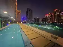 The bathrooms are equipped with separate wet and dry areas, a large bathtub for relaxing soaks, and complete amenities. The view from the windows is stunning, offering a panoramic cityscape that enhances the mood.
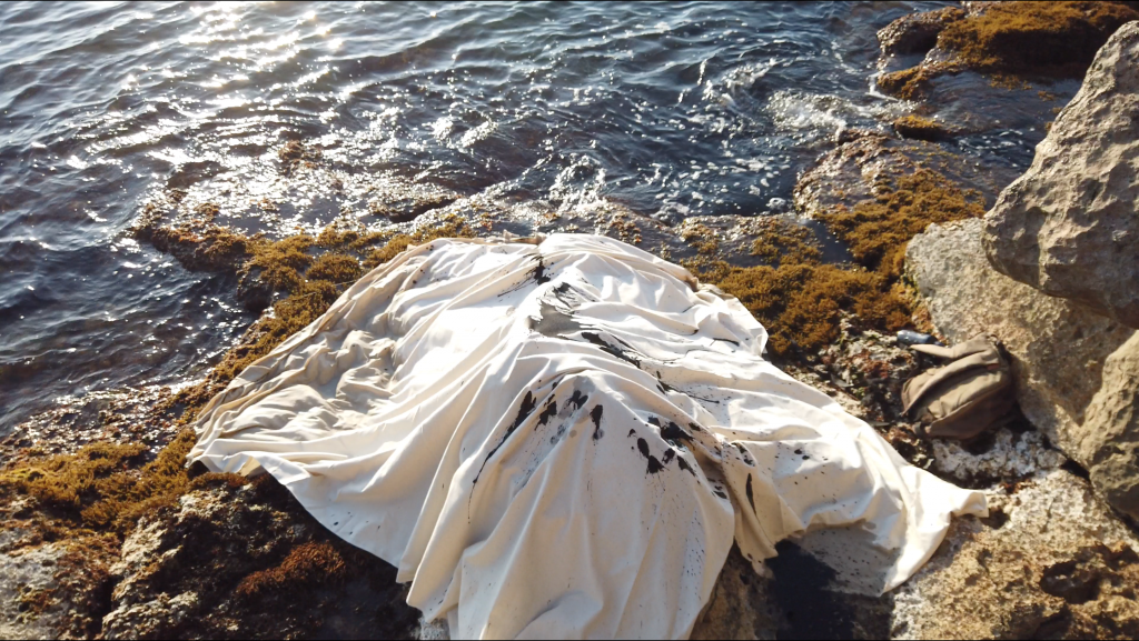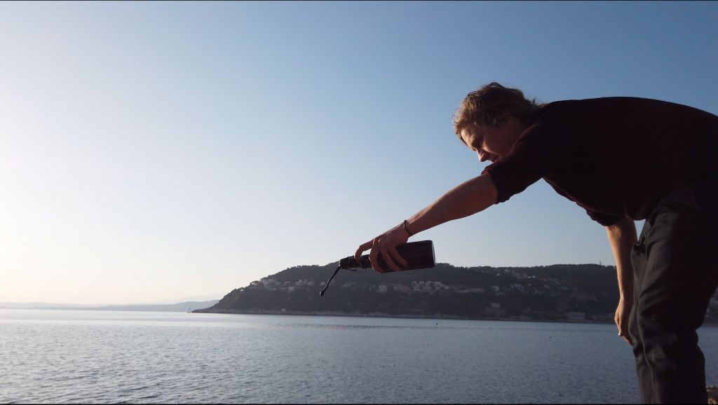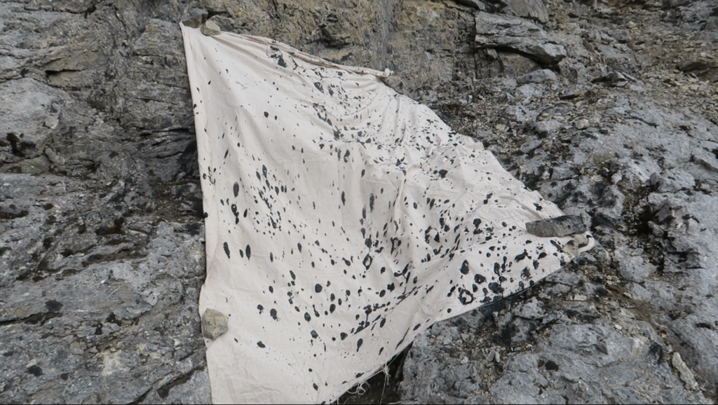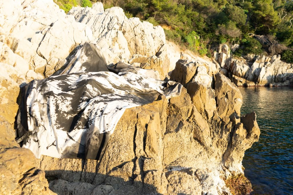 Au bout des montagnes, la mer, en 2019 Ecotopia cherche toujours à faire parler la nature à sa place, et continue par explorer les rives rocheuses, lisière entre terre et mer. D’un geste similaire à celui de la montagne, un jeté d’encre d’un point en aplomb sur une toile déposée sur la rive s’écoule et prend l’empreinte de celle-ci.
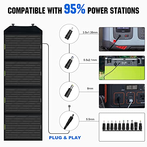 10 DC-adapters: het zonnepaneel wordt geleverd met een DC-connectorkabel en 8 adapters met verschillende specificaties. Het is compatibel met de meeste generatoren op de markt. Zorg voor groene energie voor uw camping.
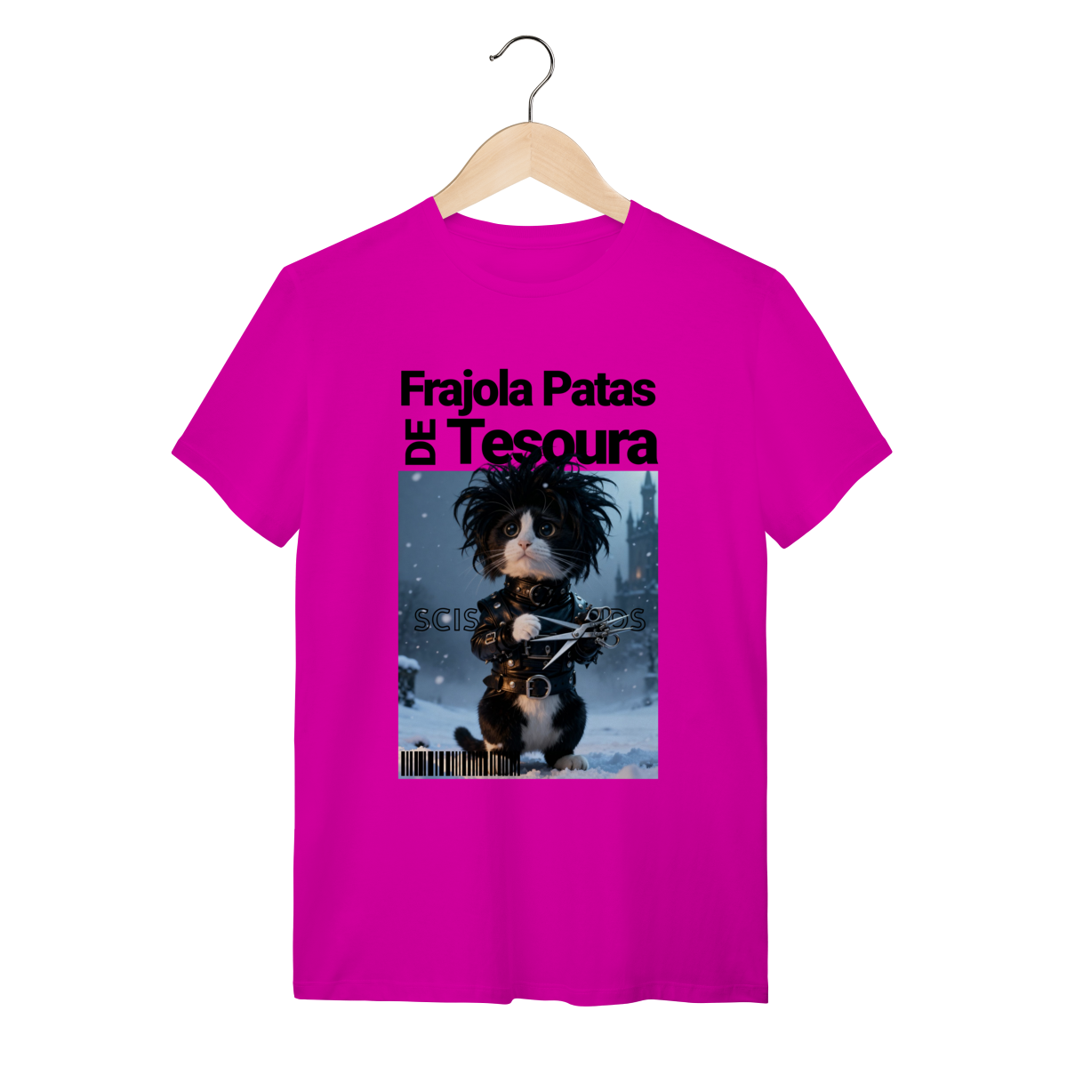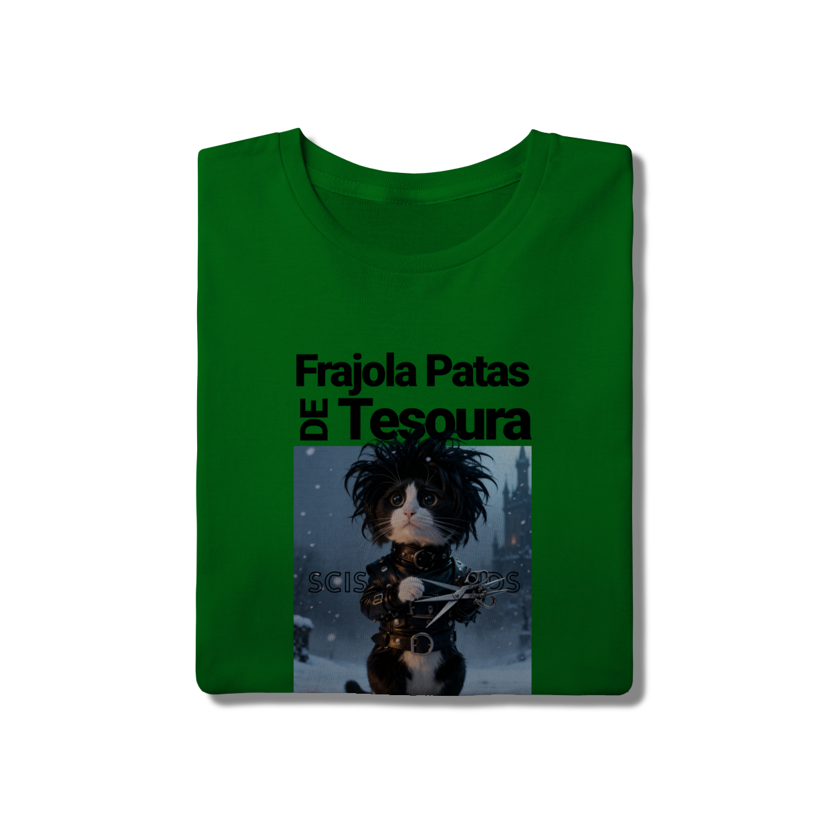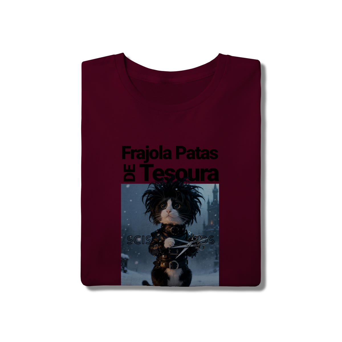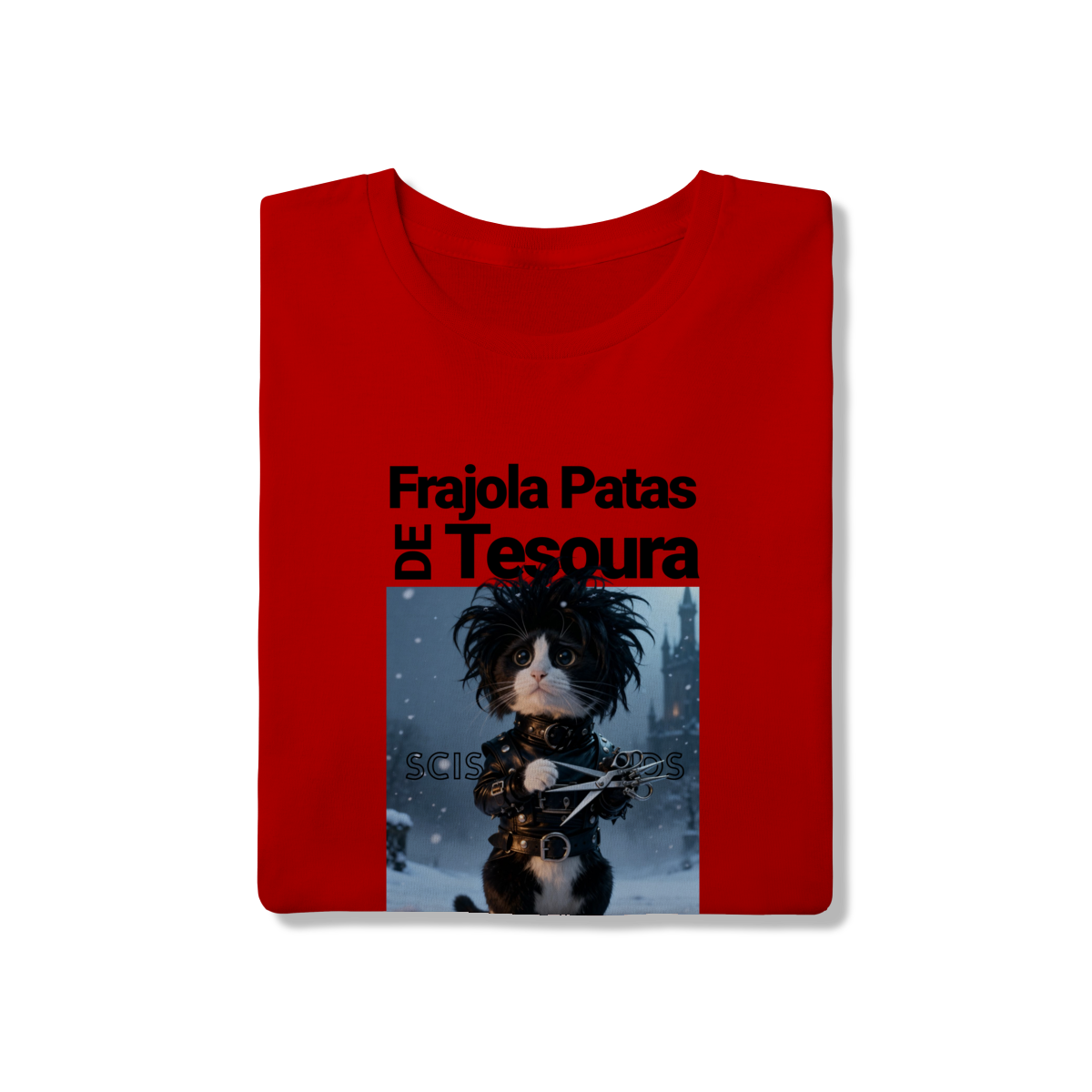 A camiseta “Frajola Patas de Tesoura” traz uma releitura divertida e estilizada do clássico personagem de tesouras — só que agora reinventado como um gatinho dramático, fofo e cheio de personalidade.
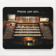 Este mousepad do órgão de tubulação é um presente ideal para um organista que mostra uma disposição desconcertante de paradas, pistões e botões, e um grande console quatro-manual do órgão. Debaixo de são as palavras pressionam toda a chave
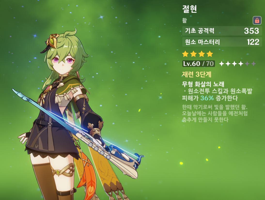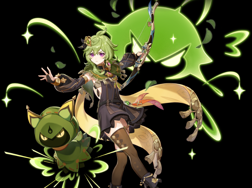 원소 폭발 3초를 늘려주는 특성을 통해 총 9초간 풀 원소 반응을 할 수 있는 부분과 되돌아오는 잎새로 근거리 풀 원소 반응이 좋은 캐릭터라고 할 수 있다.
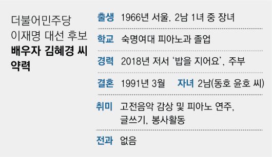 민주당 이재명 대선 후보의 배우자 김혜경 씨는 2006년 이 후보의 성남시장 출마 시절부터 이처럼 남편의 정치권 진출을 만류했다고 한다. 한때 이 후보의 정계 진출을 반대했던 김 여사는 이 후보가 성남시장에 당선된 뒤론 종교계 등 사회 각층의 목소리를 이 후보에게 전달하는 정치적 동반자 역할을 하고 있다는 평가를 받는다.
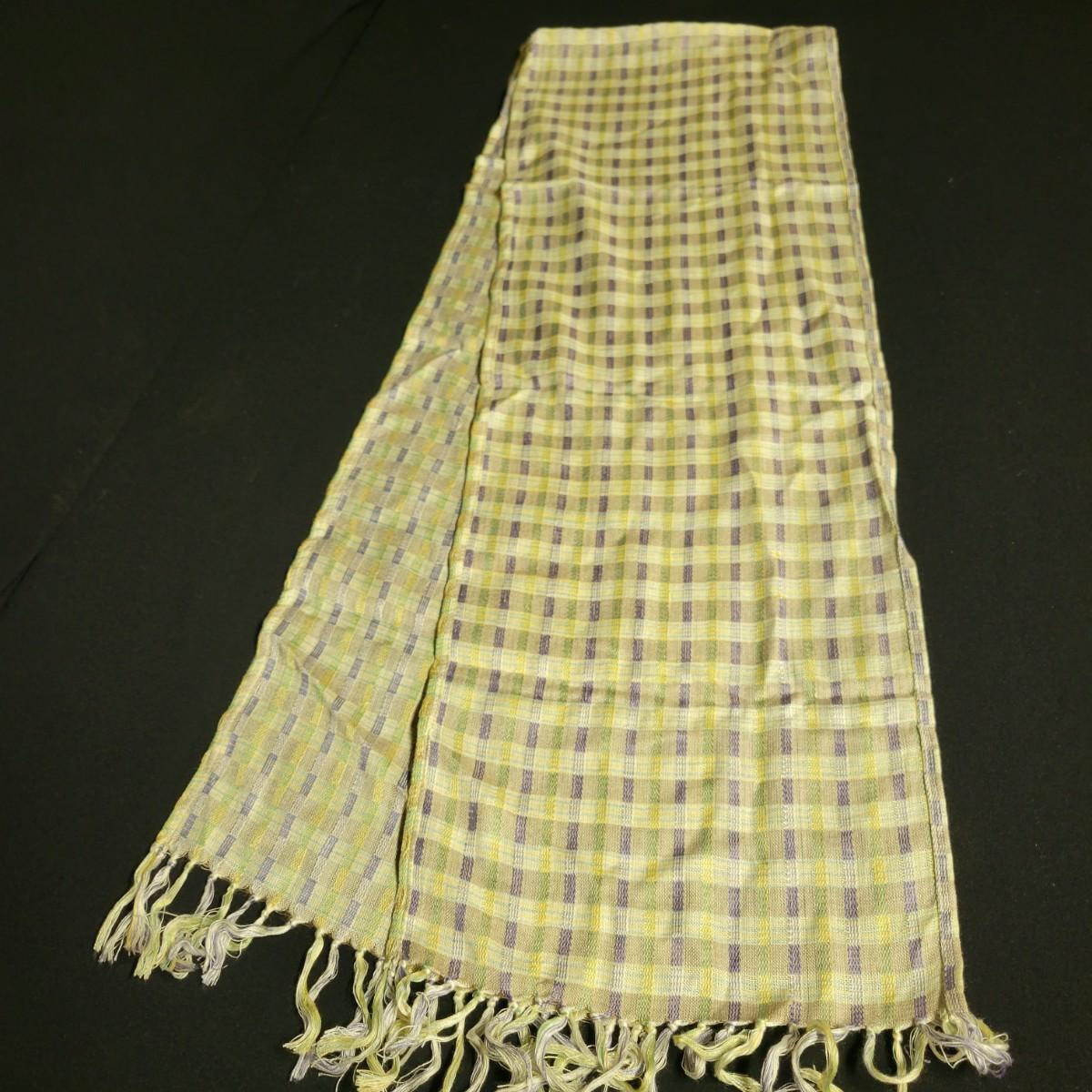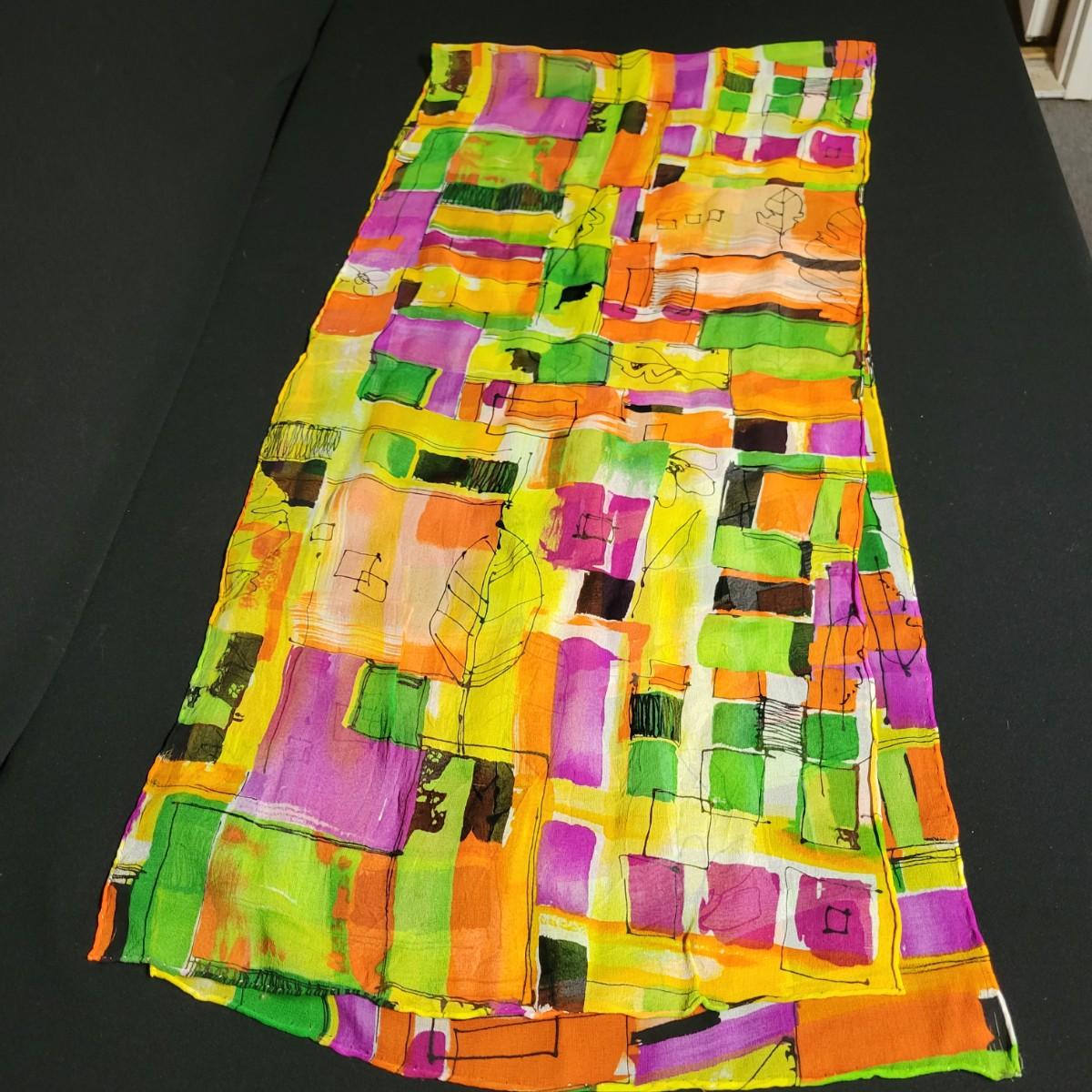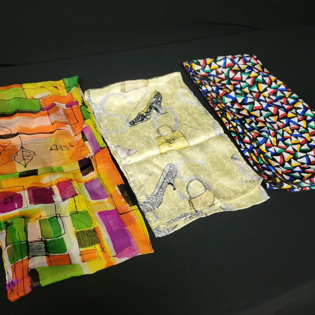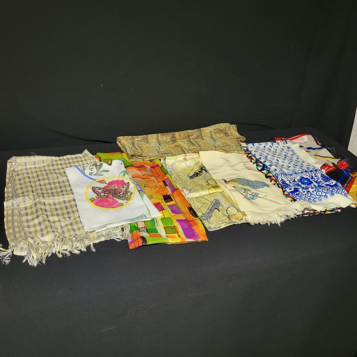 An assortment of 9 scarves in a variety of styles and materials. A majority are polyester, but there is also one that is linen and one that is Asian silk. Average size is 14" x 60" Shipping available
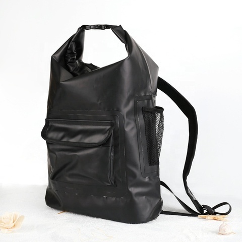 カスタムロゴPVC防水バックパックドライバッグダイビングリュックサックジッパーとメッシュボトルポケット付き
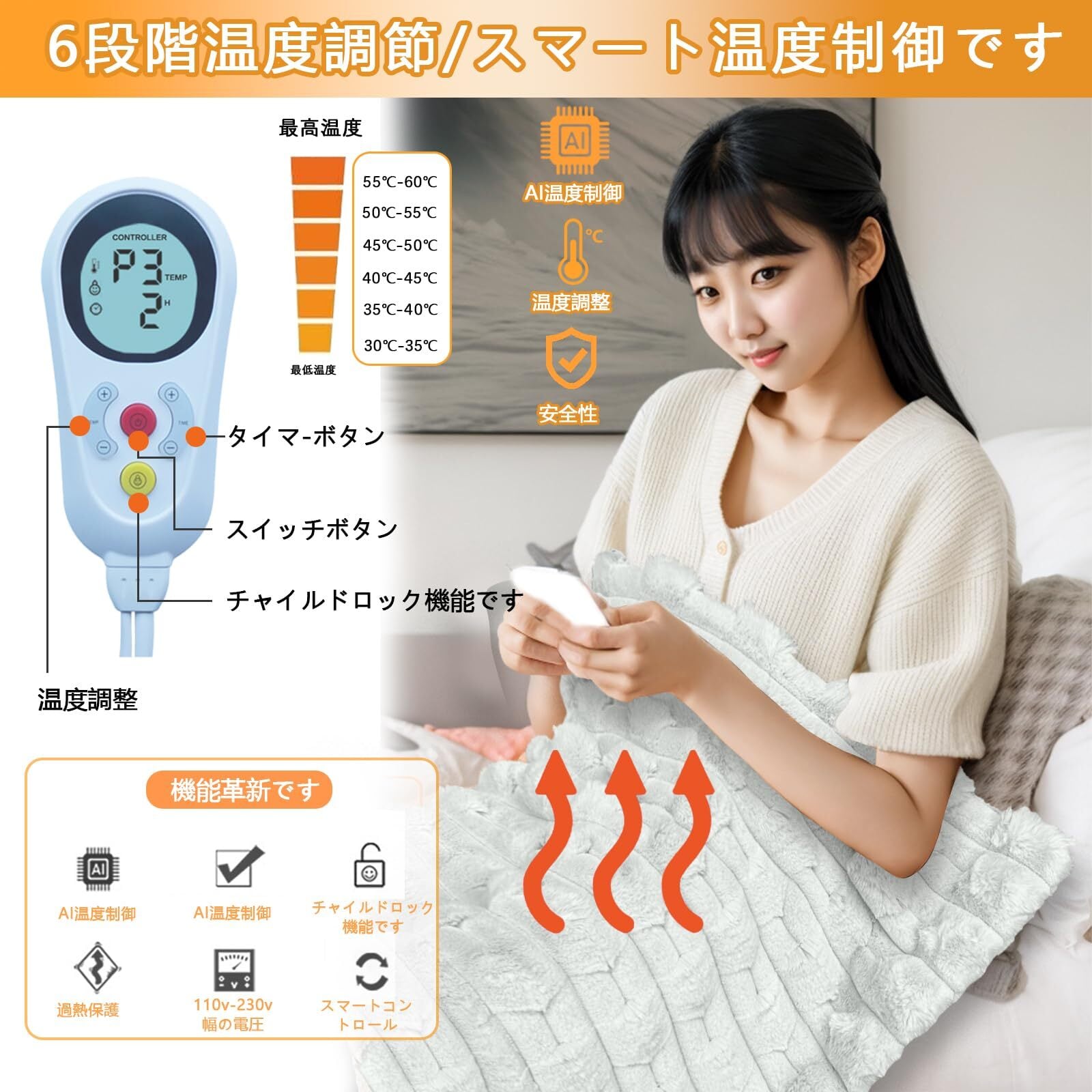 「6段階温度調節で自在な温もりを実現!」
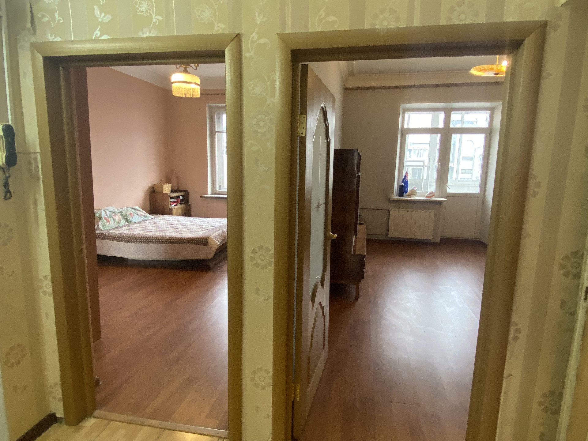 Квартира расположена на 7 этаже кирпичного дома. На каждом этаже всего по две квартиры. Чистый подъезд без посторонних запахов. Новый лифт. Территория дома огорожена, въезд машин на парковку через ворота.
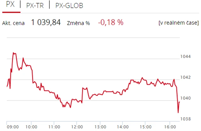 Pražská burza zakončila pondělní obchodování v červených číslech, index PX oslabil o 0,18 % na 1 039,84 bodu. Dolů burzu stáhly zejména akcie elektrárenské skupiny ČEZ (-3,15 % na 523 Kč), s kterými se obchodovalo poprvé bez práva na dividendu z loňského roku v hrubé výši 24 Kč na akcii. Index PX-TR, který je očištěný o dividendy, vzrostl o 0,72 % na 1 955,48 bodu. Zobchodovaný objem činil 276 milionů korun, a byl tak podprůměrný.
______________________________
**Work order**.
Your output is the lines from the top of the entries through the line containing "Au bout des", exactly as they stand. No pictures belong in it.

**Task response**.
 The bathrooms are equipped with separate wet and dry areas, a large bathtub for relaxing soaks, and complete amenities. The view from the windows is stunning, offering a panoramic cityscape that enhances the mood.
 Au bout des montagnes, la mer, en 2019 Ecotopia cherche toujours à faire parler la nature à sa place, et continue par explorer les rives rocheuses, lisière entre terre et mer. D’un geste similaire à celui de la montagne, un jeté d’encre d’un point en aplomb sur une toile déposée sur la rive s’écoule et prend l’empreinte de celle-ci.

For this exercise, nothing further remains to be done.